Art Books
Mary Heilmann’s The All Night Movie
This book shows how connected many of her paintings are to specific moments, people, and places in her life.

The All Night Movie
(Primary Information, 2022)
Be forewarned—you will never approach Mary Heilmann’s paintings in quite the same way after reading The All Night Movie, in which the artist uses words and images to trace her life from her early years in California to her arrival at artistic maturity in New York in the early 1990s. (This facsimile reprint also includes a rather telegraphic essay by artist-critic Jutta Koether, as well as German translations of both Heilmann’s and Koether’s texts, reflecting the volume’s original occasion for a 1999 show at Hauser and Wirth’s Zurich gallery.) It’s not so much that learning new facts about Heilmann’s life and seeing countless snapshots from her archive will influence your image of the artist and her work—though this is certainly one consequence of the book—as it is the discovery (if you didn’t already know) of just how connected many of her paintings are to specific moments, people, and places in her life. The 1987 painting Rio Nido, for instance, was inspired by Heilmann’s memories of a childhood vacation at a working-class resort on the Russian River, which she lovingly evokes. A slightly later painting, The Glass Bottom Boat (1994), featuring brushy blocks of blue on a white ground, memorializes a Catalina Island boat ride the artist enjoyed at the age of seven. Less nostalgic but just as personal, her defiantly loud pink-and-black painting Save the Last Dance for Me (1979) was intended to celebrate her love for graphic designer Mark Magill—their affair didn’t last, but twenty years later he collaborated with Heilmann on the freewheeling layout of The All Night Movie. With bold colors and overlays, many of the spreads are designed to resemble Heilmann’s compositions, though the book also includes twenty pages of conventionally presented paintings and a 1999-era resume.

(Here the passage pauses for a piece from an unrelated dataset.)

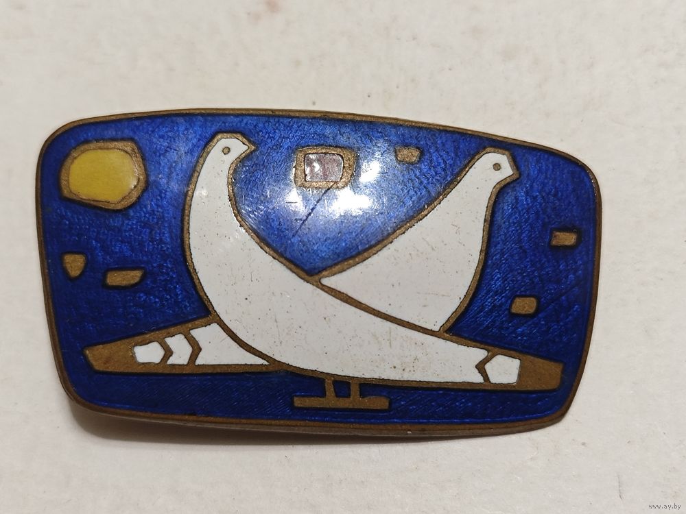 Винтажная редкая брошь с изображением двух голубей. Эмаль. Щербинский завод металлической галантереи. Состояние на фото, смотрите внимательно.

It took Heilmann years to arrive at the realization that, as she puts it, each of her paintings could “be seen as an autobiographical marker” meant to evoke moments from her past or, in some cases, her “projected future.” While Heilmann is by no means the first painter to conceive of her work in autobiographical terms, the historical discourse around her chosen mode—geometric abstraction, in her case loosely painted, with a preference for minimalist grid structures—is heavily formalist. The work that crystallized her embrace of the personal was The End (1978), a jarring red-and-yellow painting created after the deaths of her friends Gordon Matta-Clark and Norman Fisher: “I began to feel a need for more content in my work because of these events in my life. I was still working in a bright-colored, geometrical, nonimage way, but as I gazed at the work I began to see new meaning in it,” she writes, “I began to see that the choices in the work depended more on content for their meaning. It was the end of modernism and, though I hadn’t heard the news, the beginning of postmodernism.”

Throughout the book, which had its beginnings in double-projector slide lectures Heilmann delivered at art schools in the 1990s, she vividly evokes various milieus she found herself in. Many of her descriptions are imbued with a strong sense of a paradise lost, whether it’s the California surfing scene in the late 1950s, the Beat cafes and nightspots of San Francisco in the early 1960s, or downtown New York in the 1970s. Even in 1999, those moments seemed impossibly distant; now, more than twenty years later, they are veiled with the unreality of legend. A few years too old to qualify as a Baby Boomer, Heilmann, who was born in 1940, offers not only the story of her own life but also the portrait of a generation (and the music it listened to, from the days before rock-and-roll to Brian Eno). But for all her embrace of successive countercultural scenes, from So-Cal surfing to beatnik San Francisco to the Great Hippie Drop Out to the desperate theater of punk and the money-flush New York art world of the 1980s, Heilmann frequently felt like an outsider. She lived for beaches and waves, but never actually surfed; as a young woman artist in New York, she was shut out of exhibitions by her male peers; in the 1980s, after giving up drink and drugs, she felt socially inept at nightclubs and stylish restaurants (there’s a hilarious scene in the book where she embarrasses herself at an artworld dinner at Mr. Chow’s); and when her painter friends left Pat Hearn Gallery, she felt out of place “in a milieu of photo-based neo-conceptual work.”
But ultimately none of that mattered. Unlike many of her friends, Heilmann survived, and, what’s more, found a way of painting that could enfold all she had experienced but without any of the self-destructive, self-glorifying behavior she once thought necessary to being an artist. As the book closes, she happily surrenders her alienation and accepts that her “roots had been a boring Catholic middle-class of schoolteachers, engineers, cops, and nurses.” With a concision that echoes the no-nonsense qualities of her paintings, she says bluntly: “The passion and fear went out of my life and into the work.” A good motto for any artist who hopes to be in it for the long run, as Mary Heilmann still very much is.